Amazon.com Review
Disobedience is Naomi Alderman's richly told, endearingly evocative tale of two women and the choices they make as they come to terms with their identities in a traditional Orthodox Jewish community. In this groundbreaking debut, Alderman puts her characters to work, forcing them to confront issues of rebellion, isolation, loneliness and self-acceptance in a place where deviating from the norm often results in cold stares and hushed whispers at the kosher butcher shop.
Ronit Krushka is a lapsed Orthodox Jew, who fled the confines of Hendon, England, and her traditional upbringing for a secular lifestyle on Manhattan's Upper West Side. When her father, the community's revered Rabbi passes away, Ronit returns home to retrieve her mother's precious Shabbat candlesticks, and to revisit her troubled past. She reconnects with Esti, a former lover, whose choices have left her unsure and unfulfilled. As Ronit and Esti navigate through the demons of their past, each woman is forced to decide what kind of life she wants to lead, and with whom she wants to share it.

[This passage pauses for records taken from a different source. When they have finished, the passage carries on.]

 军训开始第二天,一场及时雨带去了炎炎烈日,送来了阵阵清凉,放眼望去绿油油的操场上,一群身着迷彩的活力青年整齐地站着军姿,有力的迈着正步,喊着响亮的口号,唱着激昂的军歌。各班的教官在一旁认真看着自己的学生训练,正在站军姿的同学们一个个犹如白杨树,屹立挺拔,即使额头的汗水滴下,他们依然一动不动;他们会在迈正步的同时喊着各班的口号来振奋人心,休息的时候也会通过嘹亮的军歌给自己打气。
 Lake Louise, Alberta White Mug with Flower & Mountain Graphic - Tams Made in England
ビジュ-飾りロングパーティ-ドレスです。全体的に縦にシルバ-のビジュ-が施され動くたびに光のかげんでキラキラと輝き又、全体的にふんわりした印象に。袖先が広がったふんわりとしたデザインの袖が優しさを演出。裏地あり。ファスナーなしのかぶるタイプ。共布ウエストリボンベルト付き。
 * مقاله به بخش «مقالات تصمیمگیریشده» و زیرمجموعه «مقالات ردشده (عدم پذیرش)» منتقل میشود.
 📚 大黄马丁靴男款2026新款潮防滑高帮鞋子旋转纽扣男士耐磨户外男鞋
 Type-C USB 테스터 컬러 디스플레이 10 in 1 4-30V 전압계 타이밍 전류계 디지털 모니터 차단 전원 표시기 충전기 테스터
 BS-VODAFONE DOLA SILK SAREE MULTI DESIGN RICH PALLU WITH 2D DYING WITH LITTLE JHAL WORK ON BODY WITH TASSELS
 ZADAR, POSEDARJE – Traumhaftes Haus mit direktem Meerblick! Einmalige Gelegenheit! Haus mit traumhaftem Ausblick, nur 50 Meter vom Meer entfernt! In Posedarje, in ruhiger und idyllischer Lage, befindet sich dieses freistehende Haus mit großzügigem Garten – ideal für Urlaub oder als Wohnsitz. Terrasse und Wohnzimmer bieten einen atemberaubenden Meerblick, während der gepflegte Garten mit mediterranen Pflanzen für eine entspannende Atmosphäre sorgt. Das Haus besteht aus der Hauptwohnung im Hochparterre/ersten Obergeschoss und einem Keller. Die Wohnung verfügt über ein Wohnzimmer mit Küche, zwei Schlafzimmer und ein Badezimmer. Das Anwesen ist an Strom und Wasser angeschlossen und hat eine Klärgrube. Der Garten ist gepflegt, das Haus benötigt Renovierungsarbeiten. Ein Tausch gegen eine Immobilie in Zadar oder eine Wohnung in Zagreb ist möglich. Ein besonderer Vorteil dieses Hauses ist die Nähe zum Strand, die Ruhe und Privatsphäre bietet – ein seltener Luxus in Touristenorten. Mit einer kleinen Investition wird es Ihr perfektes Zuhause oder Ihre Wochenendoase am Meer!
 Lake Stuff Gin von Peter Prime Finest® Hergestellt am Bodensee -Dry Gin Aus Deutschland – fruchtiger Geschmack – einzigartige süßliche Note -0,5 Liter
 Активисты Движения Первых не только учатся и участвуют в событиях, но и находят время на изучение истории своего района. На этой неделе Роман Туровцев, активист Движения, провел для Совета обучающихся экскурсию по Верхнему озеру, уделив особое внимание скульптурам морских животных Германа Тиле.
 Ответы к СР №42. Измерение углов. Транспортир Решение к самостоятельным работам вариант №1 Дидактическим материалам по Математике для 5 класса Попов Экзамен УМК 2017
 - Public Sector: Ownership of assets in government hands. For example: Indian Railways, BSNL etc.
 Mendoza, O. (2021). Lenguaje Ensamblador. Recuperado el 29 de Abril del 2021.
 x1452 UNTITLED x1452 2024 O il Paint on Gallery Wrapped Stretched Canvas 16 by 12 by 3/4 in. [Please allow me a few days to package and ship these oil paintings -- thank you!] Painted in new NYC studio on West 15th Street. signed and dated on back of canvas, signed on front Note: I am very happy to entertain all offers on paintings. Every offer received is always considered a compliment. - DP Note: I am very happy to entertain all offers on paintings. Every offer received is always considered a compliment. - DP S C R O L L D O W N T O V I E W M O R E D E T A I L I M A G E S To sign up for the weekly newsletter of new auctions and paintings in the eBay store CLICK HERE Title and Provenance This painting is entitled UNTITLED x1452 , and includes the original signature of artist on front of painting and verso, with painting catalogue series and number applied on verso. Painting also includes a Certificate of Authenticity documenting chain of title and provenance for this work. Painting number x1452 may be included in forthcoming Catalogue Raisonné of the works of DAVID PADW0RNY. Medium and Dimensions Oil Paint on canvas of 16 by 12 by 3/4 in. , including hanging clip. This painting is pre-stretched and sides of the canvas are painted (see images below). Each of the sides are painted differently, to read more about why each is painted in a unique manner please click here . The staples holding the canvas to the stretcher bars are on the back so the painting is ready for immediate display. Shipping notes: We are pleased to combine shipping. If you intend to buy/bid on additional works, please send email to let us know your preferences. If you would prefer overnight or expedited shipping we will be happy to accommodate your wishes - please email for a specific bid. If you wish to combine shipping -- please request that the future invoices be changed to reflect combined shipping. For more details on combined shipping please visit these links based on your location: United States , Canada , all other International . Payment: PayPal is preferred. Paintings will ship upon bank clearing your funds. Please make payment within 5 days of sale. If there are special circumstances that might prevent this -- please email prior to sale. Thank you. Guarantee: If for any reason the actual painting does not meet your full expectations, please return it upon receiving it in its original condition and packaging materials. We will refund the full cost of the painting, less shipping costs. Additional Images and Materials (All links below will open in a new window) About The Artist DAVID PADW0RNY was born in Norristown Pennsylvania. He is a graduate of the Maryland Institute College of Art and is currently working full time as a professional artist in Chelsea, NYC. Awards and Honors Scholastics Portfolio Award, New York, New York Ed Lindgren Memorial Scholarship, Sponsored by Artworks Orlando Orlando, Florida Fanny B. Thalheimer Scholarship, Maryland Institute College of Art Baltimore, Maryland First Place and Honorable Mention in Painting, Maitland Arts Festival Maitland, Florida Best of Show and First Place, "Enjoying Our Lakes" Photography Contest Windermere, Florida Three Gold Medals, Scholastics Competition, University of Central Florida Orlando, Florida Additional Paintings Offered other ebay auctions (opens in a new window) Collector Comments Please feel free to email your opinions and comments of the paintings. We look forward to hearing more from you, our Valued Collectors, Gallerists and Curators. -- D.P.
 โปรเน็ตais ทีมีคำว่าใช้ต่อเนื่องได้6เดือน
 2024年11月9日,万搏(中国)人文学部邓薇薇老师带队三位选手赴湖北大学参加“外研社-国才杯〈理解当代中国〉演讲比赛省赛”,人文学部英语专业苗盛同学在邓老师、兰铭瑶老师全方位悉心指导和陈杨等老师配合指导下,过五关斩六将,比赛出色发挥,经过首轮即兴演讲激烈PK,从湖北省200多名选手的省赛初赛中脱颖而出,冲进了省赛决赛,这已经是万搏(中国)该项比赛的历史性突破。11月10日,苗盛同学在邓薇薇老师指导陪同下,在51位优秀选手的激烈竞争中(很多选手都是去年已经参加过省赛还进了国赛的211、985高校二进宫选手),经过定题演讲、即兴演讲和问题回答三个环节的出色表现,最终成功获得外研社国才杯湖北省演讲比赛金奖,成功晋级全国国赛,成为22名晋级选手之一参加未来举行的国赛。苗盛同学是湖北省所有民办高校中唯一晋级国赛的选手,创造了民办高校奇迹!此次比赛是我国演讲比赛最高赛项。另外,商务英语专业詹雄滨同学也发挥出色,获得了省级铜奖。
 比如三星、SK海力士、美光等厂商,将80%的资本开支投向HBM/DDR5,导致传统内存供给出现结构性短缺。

Alderman alternates between a lyrical and familiar style, introducing each chapter with a page of religious commentary that relates directly to the novel. While the commentary is interesting, readers may find themselves skimming it as the plot thickens and these introductions become more like diversions from the story's main message. Still, interruptions aside, Disobedience marks an important debut, and one that extends outside the lives of these characters to personify the struggle between conformity and individualism for everyone who has felt like an outsider. --Gisele Toueg
From Publishers Weekly
Alderman draws on her Orthodox Jewish upbringing and current life in Hendon, England, for her entertaining debut, which won the Orange Prize for New Writers after it was published in the U.K. in March. In writing about the inhabitants of this small, gossipy society, Alderman cleverly uses a slightly sinister, omniscient "we" to represent a community that speaks with one voice, and her descriptions of Orthodox customs are richly embroidered. Alternating with this perspective is the first-person narrative of Ronit Krushka, a woman who has left the community and is now a financial analyst in New York. After the death of her estranged father, a powerful rabbi, Ronit returns to England to mourn her father and to confront her past, including a female lover. But Ronit's shock that an Orthodox lesbian would marry a man rings false, as does her casually condescending attitude toward the community. By the time of the theatrical, unrealistic climax, Ronit's struggle between religious and secular imperatives gets reduced to cliché ("all we have, in the end, are the choices we make"), but Ronit works well as a vehicle for the opinion that even the most alienated New York Judaism is preferable to the English version, where "the Jewish fear of being noticed and the natural British reticence interact."